Wednesday, June 25, 2008

The Center of Europe, Part 2

Lithuania is a country without natural resources. Once, many hundreds of years ago, it was a huge nation that stretched from the Baltic Sea to the Black Sea. Now, it is the size of West Virginia, but without the advantage of that state's coal.

Even after its first unit was shut down in 2004, the Ignalina nuclear power plant supplies 70 percent of Lithuania's electricity. But as a condition for entry into the European Union, this old Soviet-style, Chernobyl-like reactor must be shut down in 2009. The decision has been made, and the plant will close, and thousands of jobs in northeastern Lithuania, where jobs are exceedingly scarce, will be lost. Not only that, the cost of electricity will skyrocket because the options are not many: Buy electricity from Russia or build a new reactor, at a cost of perhaps $18 billion.

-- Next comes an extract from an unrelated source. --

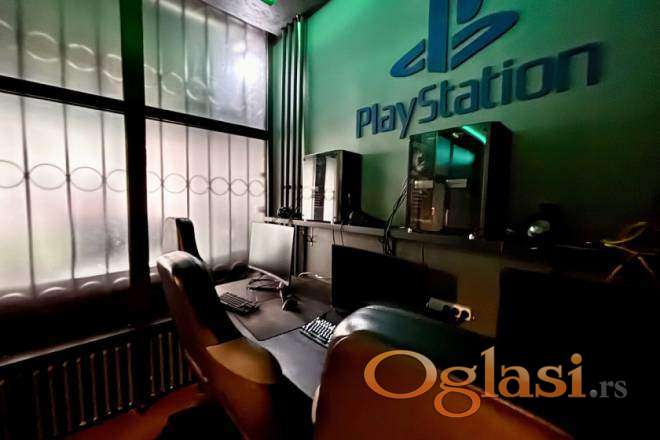 Prostor je funkcionalno organizovan i trenutno posluje kao kompjuterska igraonica koja radi od 2019. godine. Na ulazu se nalazi prijemni deo sa dve PlayStation pozicije, pogodan za kraća zadržavanja i organizaciju manjih turnira. U nastavku je glavna prostorija sa više kompletno opremljenih gejming mesta – profesionalni računari, gejmerske stolice i stolovi, sve uredno održavano i spremno za nastavak rada bez dodatnih ulaganja. U zadnjem delu lokala nalazi se šank sa pratećom opremom, što prostoru daje dodatnu funkcionalnost i mogućnost proširenja ponude.

Joining the European Union will be advantageous to Lithuanians, but painful as well. They have become accustomed to pain. The official unemployment rate is now down to 4 percent, but that figure is deceiving. In Lithuania, if you own a cow, which many families do just for the sake of survival, you are considered a farmer and thus employed.

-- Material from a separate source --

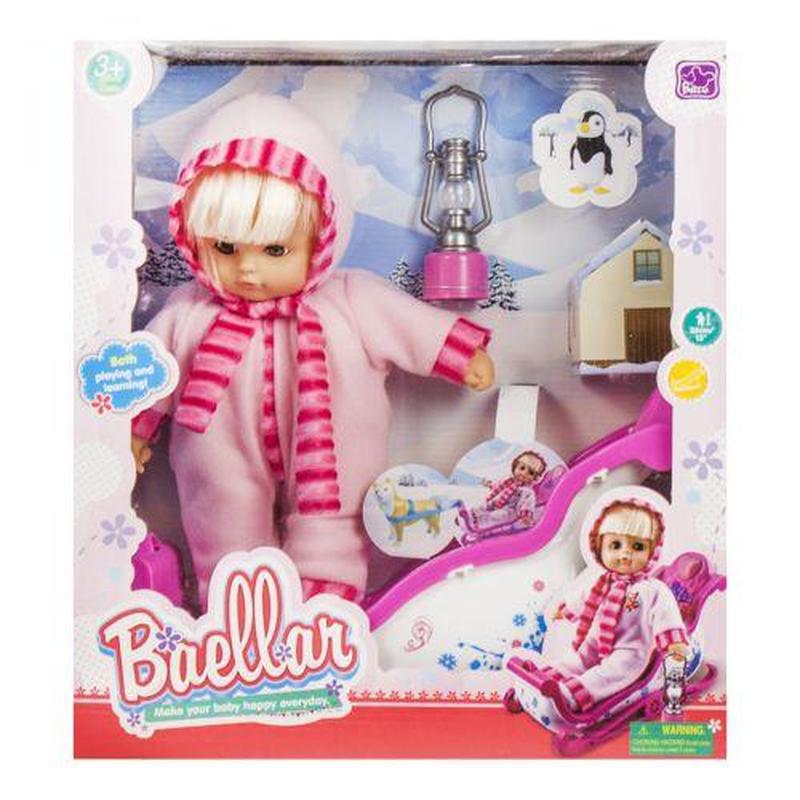 Мила лялька пупс одягнена в зимовий рожевий комбінезончик. У наборі з пупсом так само є санки і лампа. Розмір пупса 33 см. Розмір санок 32х19 см. Для дітей від 3-х років. Бренд: Baellar Упаковка: Коробка Колір: Різнобарвний Вага з упаковкою: 1138 г Габарити в упаковці: 36 x 39 см Країна виробник: Китай Матеріал: Комбінований

The employment picture is better, though, because there are fewer people now. Massive emigration has depleted the population. It's estimated that among the young and educated, one of every four has left the country since independence in 1991.

What they've left is a beautiful landscape, verdant, and spotted with lakes of crystal-clear water. Driving through it, knowing something of these peoples' troubles, it makes your heart ache.